■ **INSTRUCTIONS TO FOLLOW**: The output is the lines below from the one with "6-Color Matte Lipstick: Velvet" through the one with "THEORY deep v", both included, printed exactly and with no other line.

■ **STUDY MATERIAL**:
______

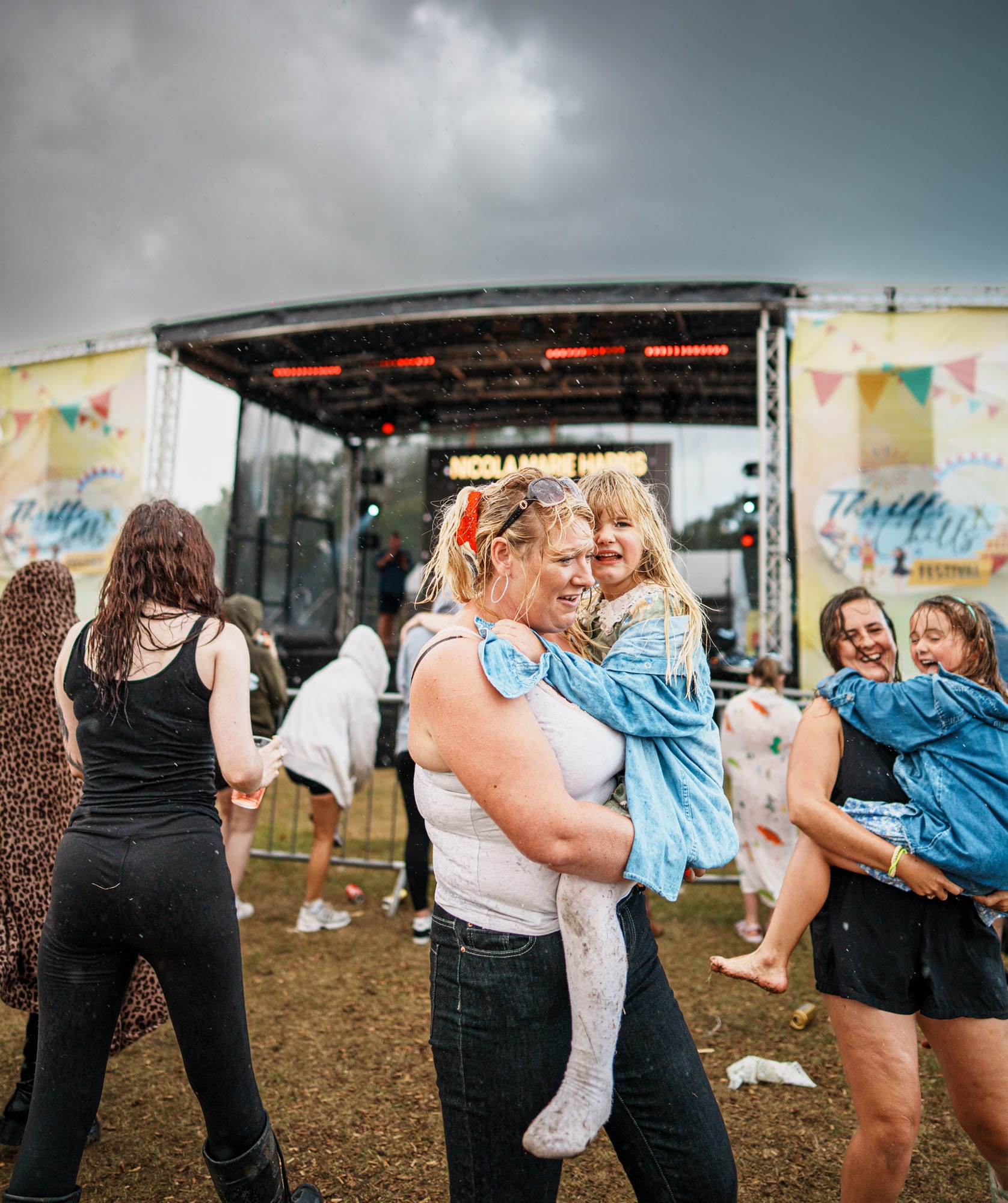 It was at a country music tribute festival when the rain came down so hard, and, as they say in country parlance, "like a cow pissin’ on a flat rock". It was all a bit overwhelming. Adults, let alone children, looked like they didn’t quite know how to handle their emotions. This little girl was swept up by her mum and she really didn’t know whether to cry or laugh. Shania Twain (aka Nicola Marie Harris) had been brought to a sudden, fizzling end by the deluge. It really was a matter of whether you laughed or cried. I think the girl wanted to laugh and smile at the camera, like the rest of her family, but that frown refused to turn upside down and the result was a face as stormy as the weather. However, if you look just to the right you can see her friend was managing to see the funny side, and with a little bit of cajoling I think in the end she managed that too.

______

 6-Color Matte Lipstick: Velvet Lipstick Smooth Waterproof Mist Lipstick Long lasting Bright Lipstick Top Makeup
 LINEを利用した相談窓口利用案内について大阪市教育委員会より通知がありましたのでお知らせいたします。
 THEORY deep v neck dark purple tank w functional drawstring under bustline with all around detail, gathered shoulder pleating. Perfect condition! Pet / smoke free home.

______

■ **ANSWER FOR THIS EXERCISE**:
 6-Color Matte Lipstick: Velvet Lipstick Smooth Waterproof Mist Lipstick Long lasting Bright Lipstick Top Makeup
 LINEを利用した相談窓口利用案内について大阪市教育委員会より通知がありましたのでお知らせいたします。
 THEORY deep v neck dark purple tank w functional drawstring under bustline with all around detail, gathered shoulder pleating. Perfect condition! Pet / smoke free home.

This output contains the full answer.